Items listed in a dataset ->
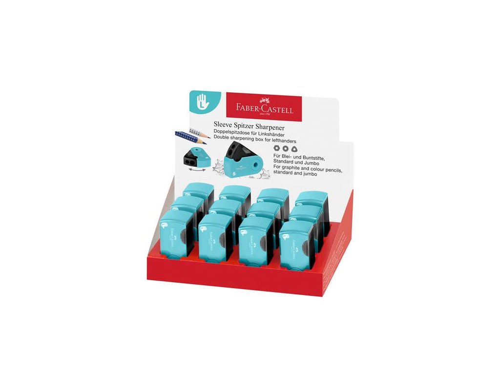 Strúhadlo, displej, dvojdierové, so zásobníkom, pre ľavákov, FABER-CASTELL "Sleeve", tyrksové
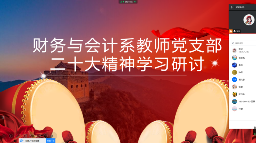 11月14日,经管学院财务与会计系教师党支部通过腾讯会议集体开展党的二十大精神学习研讨。
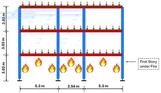 The structure used as an illustrative example is a three-story steel moment-resisting frame representative of a generic office-type building located in a high seismic region of the western United States. The frame is modeled in a two-dimensional (2D) configuration and is adapted from the OpenSeesPy [] example library. As shown in Figure 7, the frame consists of three bays in the horizontal direction, with each story height set at 3.05 m (10 ft). The bay widths vary along the transverse direction—5.3 m, 2.54 m, and 5.3 m—resulting in an overall building width of approximately 13.2 m (43.3 ft). The span length in the longitudinal direction is 4.9 m (16 ft). For stories not exposed to fire, rigid beam–column end connections are enforced using equal degrees-of-freedom constraints to realistically capture joint behavior. In this case study, only the first story is subjected to fire exposure, while the upper stories remain unheated, consistent with the worst-case fire scenario identified in prior studies [,,,,]. However, this uniform heating assumption does not capture localized phenomena such as flame spread or ventilation-controlled burning. In realistic post-earthquake scenarios, partition wall damage can drastically alter ventilation conditions, potentially intensifying fire severity in certain compartments. Therefore, while the adopted modified ISO-834 curve provides computational efficiency and a consistent benchmark, it may underestimate localized thermal effects under realistic ventilation changes, which should be investigated in future studies.
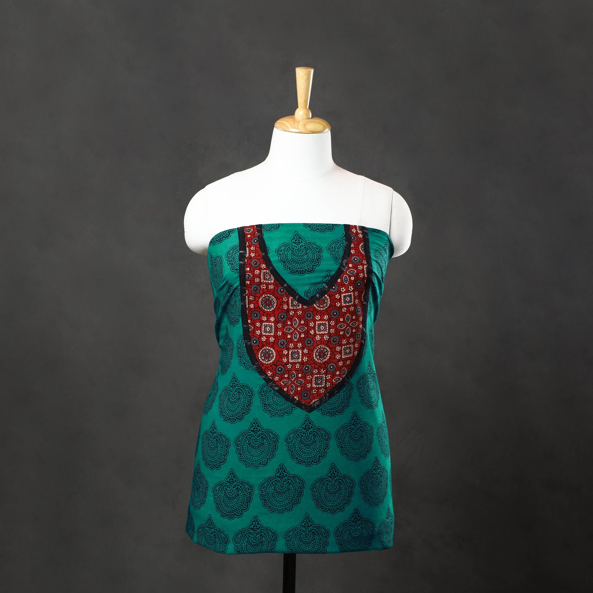 Embrace the rich tradition this green bagh print cotton kurta material with patchwork, crafted by skilled artisans from Bagh, Madhya Pradesh. This fabric features intricate block-print that reflect India's cultural heritage. Known for its bold colors and detailed prints, making it an ideal choice for those who value both tradition and sustainability.
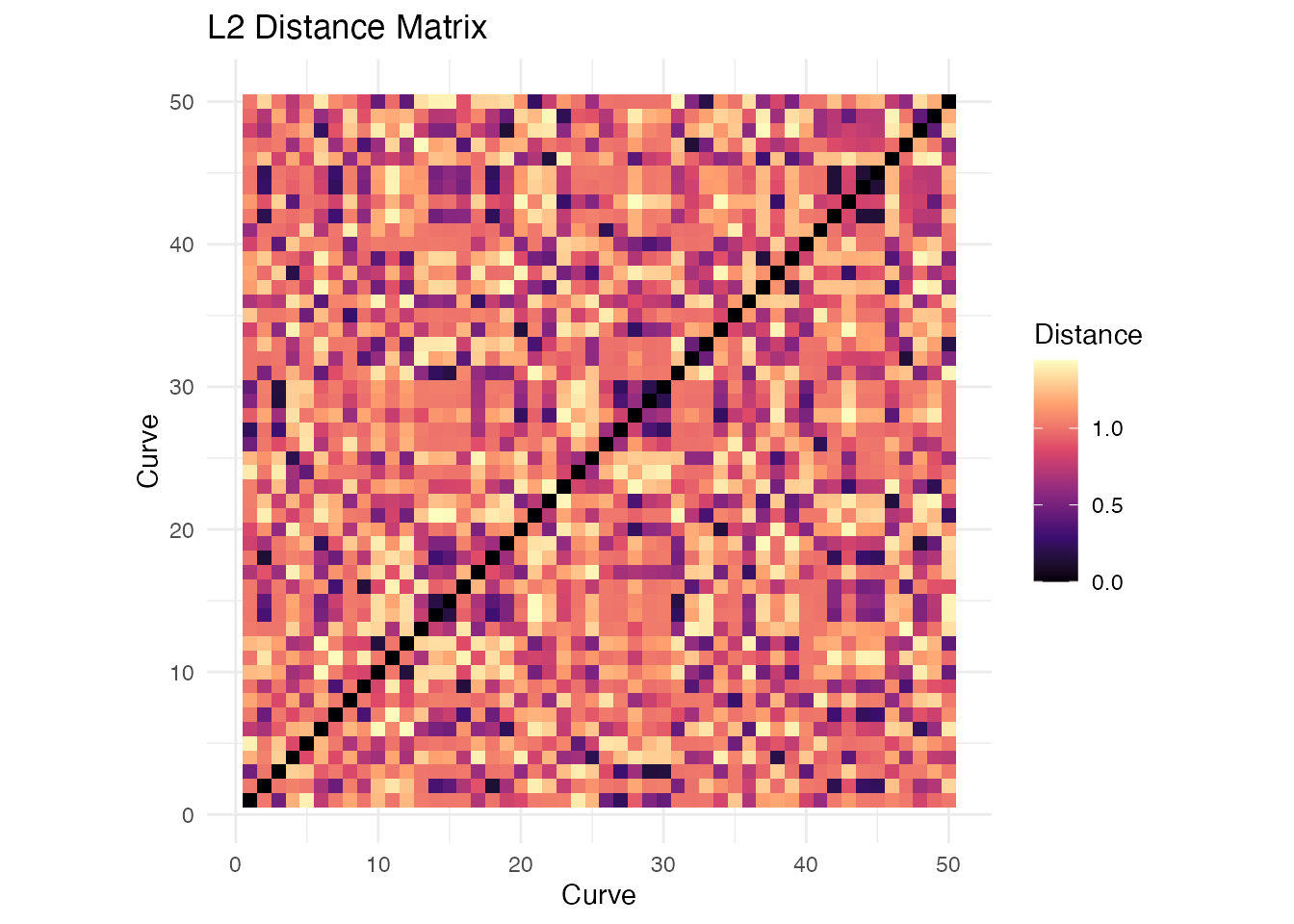 labs(x = "Curve", y = "Curve", title = "L2 Distance Matrix") +

Action item -> Skip every image and output the remaining records exactly.

The answer ->
 Strúhadlo, displej, dvojdierové, so zásobníkom, pre ľavákov, FABER-CASTELL "Sleeve", tyrksové
 11月14日,经管学院财务与会计系教师党支部通过腾讯会议集体开展党的二十大精神学习研讨。
 The structure used as an illustrative example is a three-story steel moment-resisting frame representative of a generic office-type building located in a high seismic region of the western United States. The frame is modeled in a two-dimensional (2D) configuration and is adapted from the OpenSeesPy [] example library. As shown in Figure 7, the frame consists of three bays in the horizontal direction, with each story height set at 3.05 m (10 ft). The bay widths vary along the transverse direction—5.3 m, 2.54 m, and 5.3 m—resulting in an overall building width of approximately 13.2 m (43.3 ft). The span length in the longitudinal direction is 4.9 m (16 ft). For stories not exposed to fire, rigid beam–column end connections are enforced using equal degrees-of-freedom constraints to realistically capture joint behavior. In this case study, only the first story is subjected to fire exposure, while the upper stories remain unheated, consistent with the worst-case fire scenario identified in prior studies [,,,,]. However, this uniform heating assumption does not capture localized phenomena such as flame spread or ventilation-controlled burning. In realistic post-earthquake scenarios, partition wall damage can drastically alter ventilation conditions, potentially intensifying fire severity in certain compartments. Therefore, while the adopted modified ISO-834 curve provides computational efficiency and a consistent benchmark, it may underestimate localized thermal effects under realistic ventilation changes, which should be investigated in future studies.
 Embrace the rich tradition this green bagh print cotton kurta material with patchwork, crafted by skilled artisans from Bagh, Madhya Pradesh. This fabric features intricate block-print that reflect India's cultural heritage. Known for its bold colors and detailed prints, making it an ideal choice for those who value both tradition and sustainability.
 labs(x = "Curve", y = "Curve", title = "L2 Distance Matrix") +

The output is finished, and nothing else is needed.